Some actors have been either unwilling to devote the time to appear to be playing accurately or were basically worried that no matter how hard they tried their "playing" would look fake. Sometimes the director and cameraman have had to find ingenious ways to make an actor's playing of an instrument, even when dubbed, look realistic.
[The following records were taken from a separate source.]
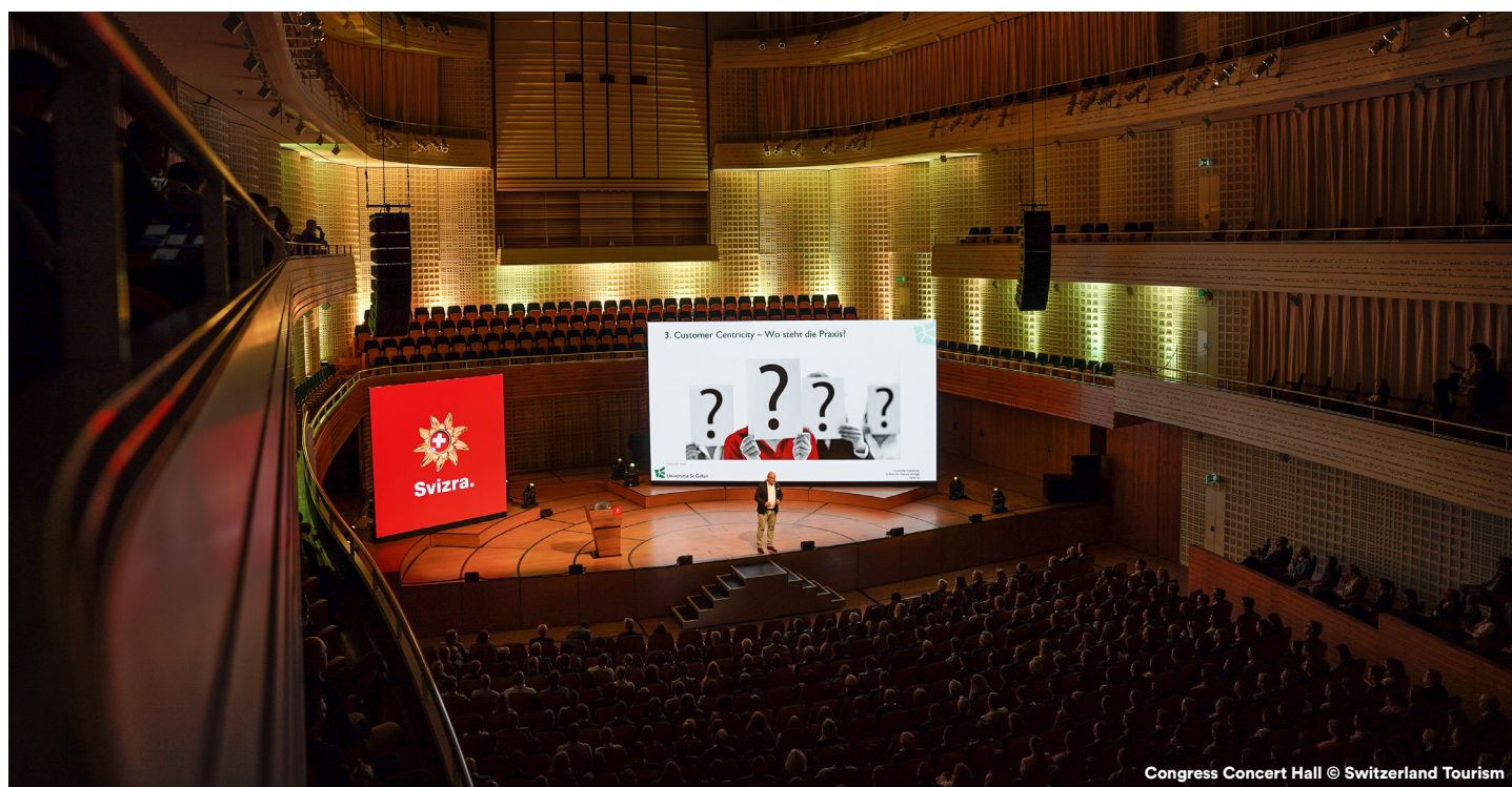
Congress Concert Hall

Suitable for: Congresses, Conferences, Concerts
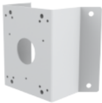
A35 CORNER MOUNT
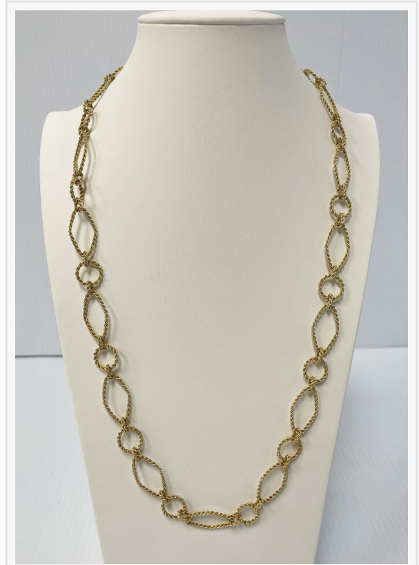
Chic 14K gold rope-link chain necklace with alternating navette and circular links. Length: 28in. Estimate: $2,000-$3,000
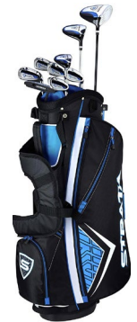
4TH PLACE GOLF CLUBS
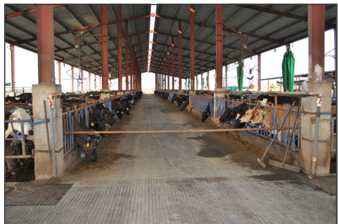
Dairy Farm - Pakistan Commercial Biogas Project

these farm needs may be met from this self generation of electrical power at a very economical rate. The energy demands of a typical medium-to-large dairy farm include: electricity to run milking machines, operate chillers, pump water, and provide lighting and fans in barns, offices, and residences. In addition, a significant amount of thermal energy is required as a cooking fuel for labor intensive dairy farms. Such needs can be successfully fulfilled through the application of biogas. In addition to meeting energy needs, biogas digesters can also convert large volumes of dairy manure into a readily usable fertilizer for application on fields around the dairies.
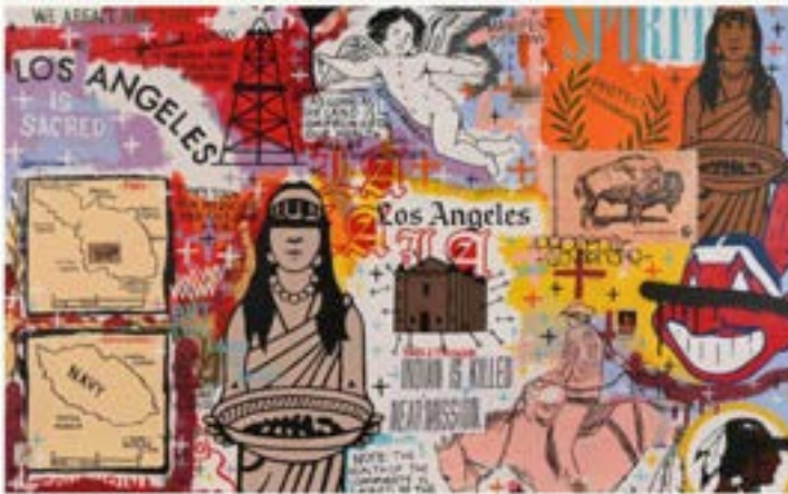
Reclaiming El Camino: Native Resistance in the Missions and Beyond
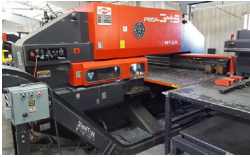
Amada Pega 345
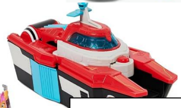
Small world play
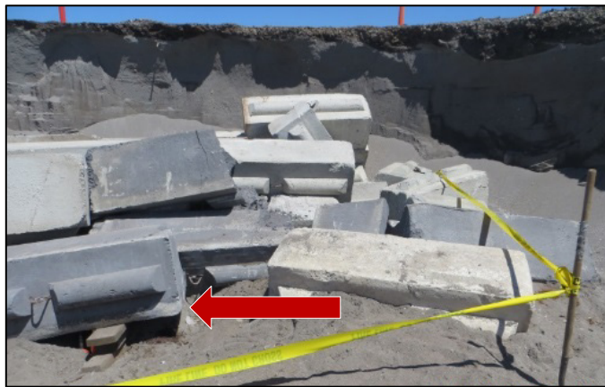
Photo 2. Collapsed ecology block wall. Arrow indicates block that struck victim

First responders arrived on the scene within minutes and were able to free the victim. He was transported by helicopter to a regional trauma facility. He underwent numerous surgeries, including the amputation of his right leg, and remained in intensive care until he passed away nearly one month later due to complications from the injury.
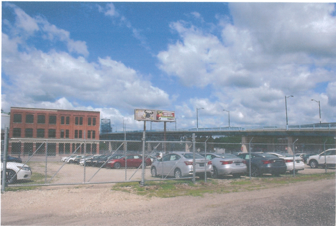
From back of 520 Third St. S., facing west/northwest toward Second St. and Cass Street Bridge
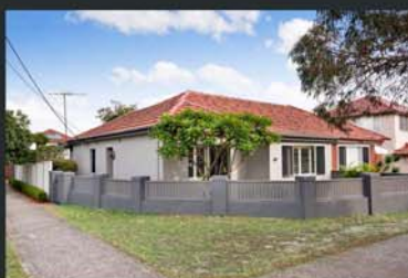
47 Wild Street 2 bed, 1 bath, 2 car FOR SALE
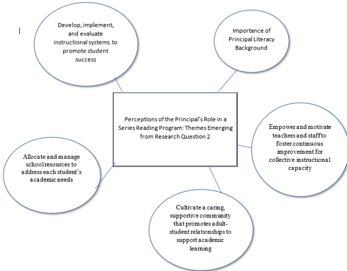
Table 18 and Figure 3 represent the major themes emerging for research question 2.
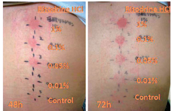
Fig. 4 Four concentrations of ritodrine solution (1%, 0.1%, 0.05%, and 0.01%) and distilled water as a control were applied to the skin of the back and checked after 48 and 72 hours. The results were clearly positive at every concentration of the solution at both 48 and 72 hours after application.

eruptions accompanied by systemic inflammation, we finally decided to resolve the pregnancy. Owing to the severe edema and pain of the thighs, emergency cesarean section was chosen as the delivery mode. A 1,945-g male infant was delivered and transported to the local neonatal intensive care unit because of low birth weight and transient tachypnea. Within several days of delivery, the eruptions began to resolve. The administration of the oral steroid preparation was tapered in a stepwise fashion and finally stopped 31 days after delivery. Forty-one days after delivery, no pustular eruption was observed, although areas of irregular annular erythema remained on parts of the back and extremities.

In the 1946 movie Humoresque, John Garfield plays a violinist. When he peforms in concert, the camera is positioned so that one violinist's hand fingers and a violinist on the other side bows. (The actual playing on the sountrack is by Issac Stern.) This effect on screen was so convincing that Garfield complained later that when he was invited to parties after the film's release people kept handing him violins to play and he'd have to say that he'd hurt his arm in a fight scene and just wasn't up to bowing. In The Bishop's Wife (1947) Cary Grant, portraying an angel, is supposed to play a harp. He has been taught the basic technique to set it up but then the camera quicky goes to a low angle with Gail Laughton's hands in the foreground with Grant in the background seen through the harp's strings.

On a scale of embarrassment in front of the cast and crew, I would imagine that an actor having two people press against you so that they could substitute their arms for yours would be way up there, much worse than miming someone else's voice or having a double take over for you in a fight scene.